(Data excerpts)
━━━
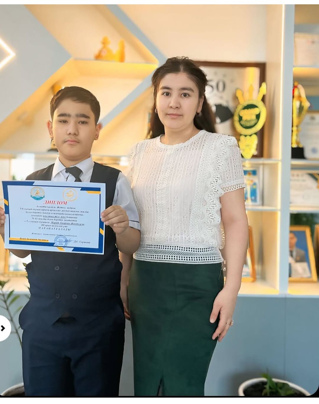 17 қаңтар 2025 0 1 2 3 4 5 Құттықтаймыз! Жалпы білім беретін пәндер бойынша 5-6 сынып оқушыларына арналған Республикалық олимпиаданың аудандық кезеңінің ағылшын тілі пәнінен 3 дәрежелі дипломмен 5 сынып оқушысы Мұрат Амирхан Жандосұлы марапатталды. Жетекшісі: Бержембаева А.С
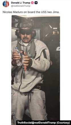 特朗普总统在社交媒体公布的被捉后的马杜罗在美国海军“硫磺岛”号两栖攻击舰上的照片。
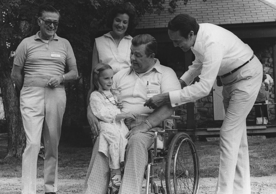 Dole, Robert J., 1923-; Dole, Elizabeth Hanford; unidentified girl, unidentified men; the girl is sitting on the unidentified man in the wheelchair's lap, Dole is leaning over to hand the girl something, Elizabeth Hanford is standing behind them watching
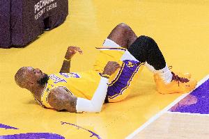末節(jié)詹姆斯在一次反擊中被小賈巴里·史密斯犯規(guī)放倒,老詹躺在地上表情痛苦。
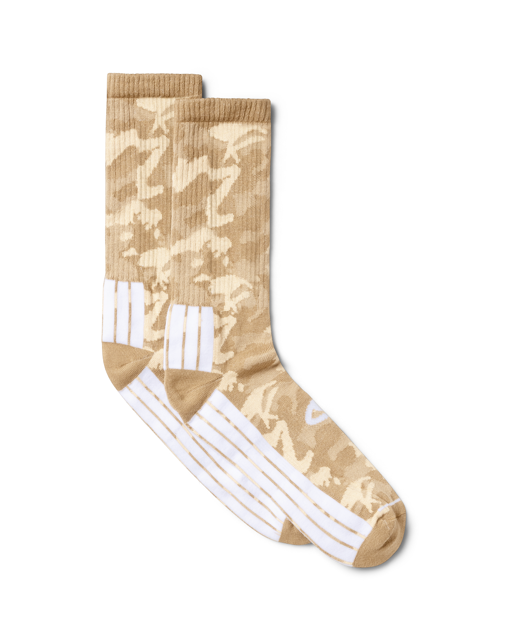 All over camouflage jacquard socks in a sports-blend mix yarn. Padded sole for extra comfort.
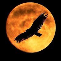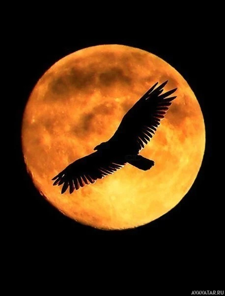 the dark silhouette of the bird and the luminous yellow hue of the moon.
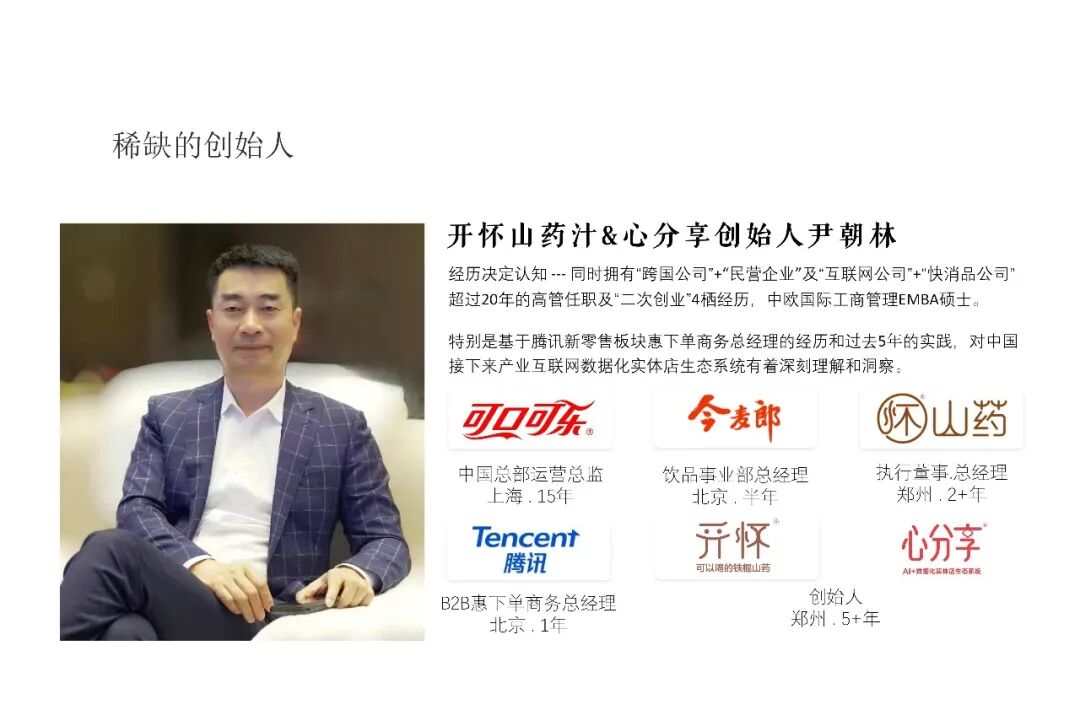 尹朝林,心分享AI+数据化实体店生态系统&开怀铁棍山药汁创始人,现郑州心分享网络科技有限公司董事长。
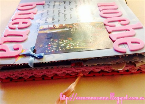 Y así fue, comencé a recapitular imágenes y hacer el "boceto" de mi album. Descubrí una palabra que se repetía en la mayoría de web que leía?scrapbook, scrapbooking, scrap? y pensaba ¡Será alguna marca de libros o revistas! E inmediatamente busqué su significado en wikipedia: "libro de recortes", y dije? eureka!! Sin ninguna duda, era lo que buscaba.
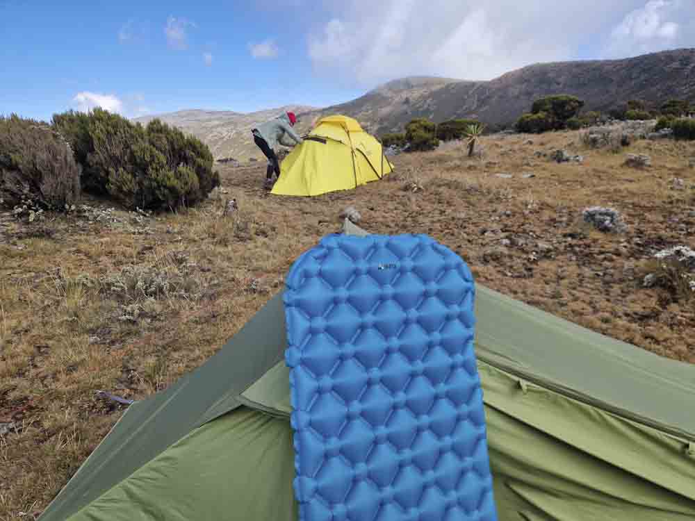 Stoupáme po dobře znatelné stezce mezi bochánky vysokohorské vegetace, míjíme malé jezírko s lobeliemi a po necelých dvou hodinách stavíme stany v sedle. Večer se zatahuje studenou mlhou a rychle zalézáme do stanů.
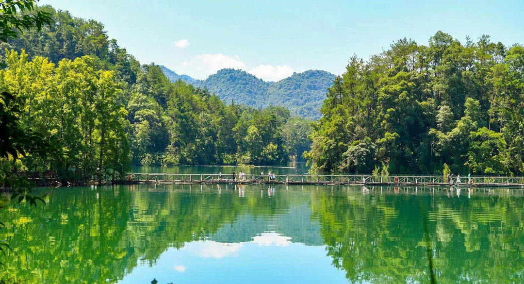 🌲 古木奇境:66亩半岛上,百年古树与吊脚楼群相映成趣
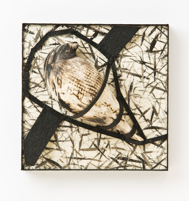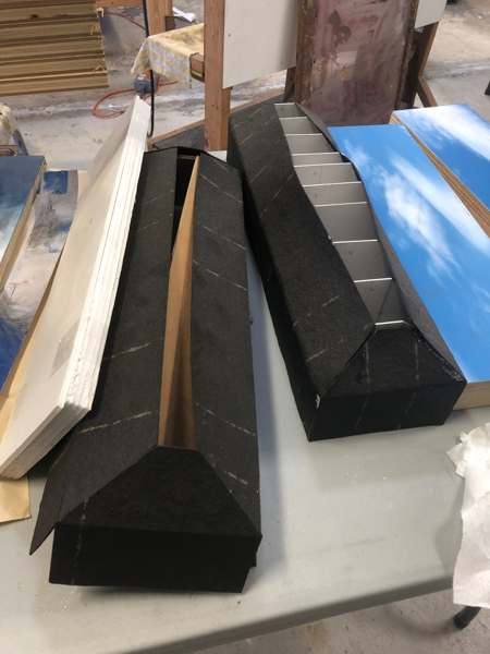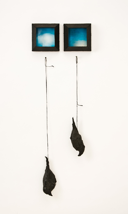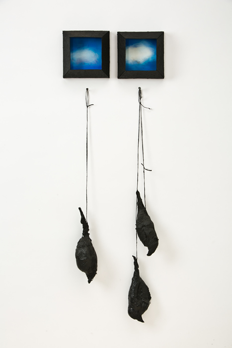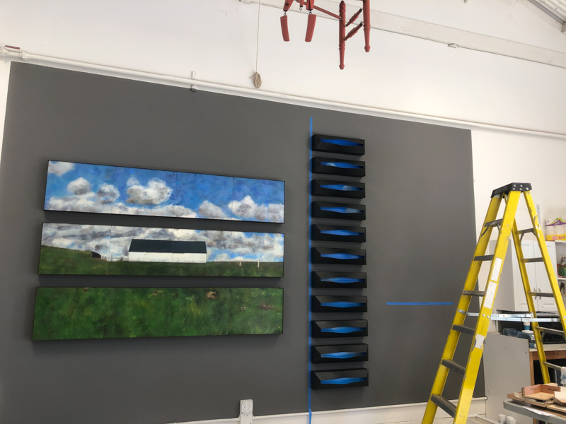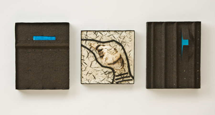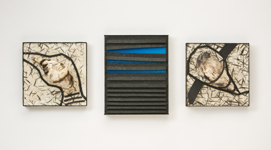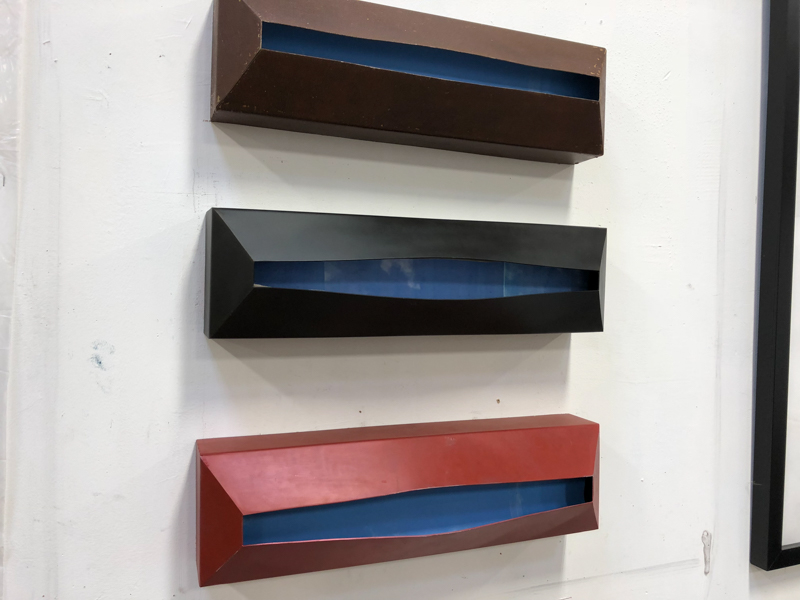 The “skies” are small encaustic panel constructions that are framed with a construction material that is stiffened with a specialty paint, and the “birds” are mixed-media with that same paint.
━━━
Your copy should hold each line above exactly and no pictures at all.

 17 қаңтар 2025 0 1 2 3 4 5 Құттықтаймыз! Жалпы білім беретін пәндер бойынша 5-6 сынып оқушыларына арналған Республикалық олимпиаданың аудандық кезеңінің ағылшын тілі пәнінен 3 дәрежелі дипломмен 5 сынып оқушысы Мұрат Амирхан Жандосұлы марапатталды. Жетекшісі: Бержембаева А.С
 特朗普总统在社交媒体公布的被捉后的马杜罗在美国海军“硫磺岛”号两栖攻击舰上的照片。
 Dole, Robert J., 1923-; Dole, Elizabeth Hanford; unidentified girl, unidentified men; the girl is sitting on the unidentified man in the wheelchair's lap, Dole is leaning over to hand the girl something, Elizabeth Hanford is standing behind them watching
末節(jié)詹姆斯在一次反擊中被小賈巴里·史密斯犯規(guī)放倒,老詹躺在地上表情痛苦。
 All over camouflage jacquard socks in a sports-blend mix yarn. Padded sole for extra comfort.
 the dark silhouette of the bird and the luminous yellow hue of the moon.
 尹朝林,心分享AI+数据化实体店生态系统&开怀铁棍山药汁创始人,现郑州心分享网络科技有限公司董事长。
 Y así fue, comencé a recapitular imágenes y hacer el "boceto" de mi album. Descubrí una palabra que se repetía en la mayoría de web que leía?scrapbook, scrapbooking, scrap? y pensaba ¡Será alguna marca de libros o revistas! E inmediatamente busqué su significado en wikipedia: "libro de recortes", y dije? eureka!! Sin ninguna duda, era lo que buscaba.
 Stoupáme po dobře znatelné stezce mezi bochánky vysokohorské vegetace, míjíme malé jezírko s lobeliemi a po necelých dvou hodinách stavíme stany v sedle. Večer se zatahuje studenou mlhou a rychle zalézáme do stanů.
 🌲 古木奇境:66亩半岛上,百年古树与吊脚楼群相映成趣
 The “skies” are small encaustic panel constructions that are framed with a construction material that is stiffened with a specialty paint, and the “birds” are mixed-media with that same paint.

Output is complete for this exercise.